» **PROBLEM TO SOLVE**: Set down the data below exactly; pictures stay out.

» **INFORMATION SUPPLIED**:
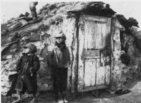
III. 2 (ur Mayerhofer 1988, s. 177)
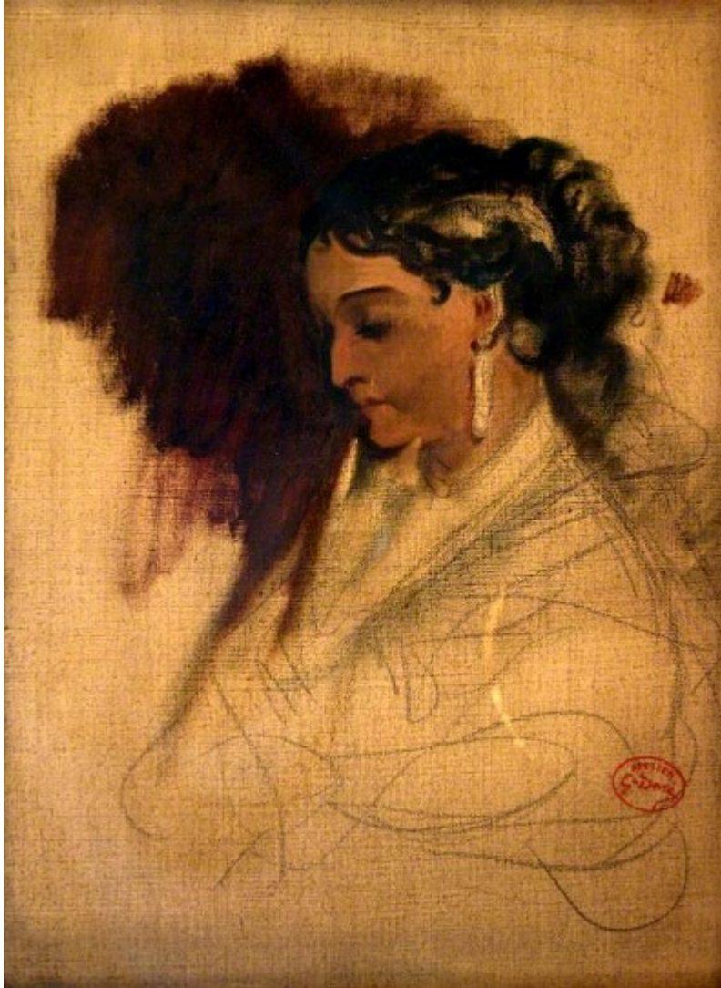
Gustave Doré: Madam Adelina Patti. Olew a siarcol ar gynfas. 52.5 x 37cm. Oriol Gelf Glynn Vivian.

Gustave Doré a'r Paradocs o Gyferbynnu Tonaidd Llinellau

» **RESPONSE AREA**:
III. 2 (ur Mayerhofer 1988, s. 177)
Gustave Doré: Madam Adelina Patti. Olew a siarcol ar gynfas. 52.5 x 37cm. Oriol Gelf Glynn Vivian.

Gustave Doré a'r Paradocs o Gyferbynnu Tonaidd Llinellau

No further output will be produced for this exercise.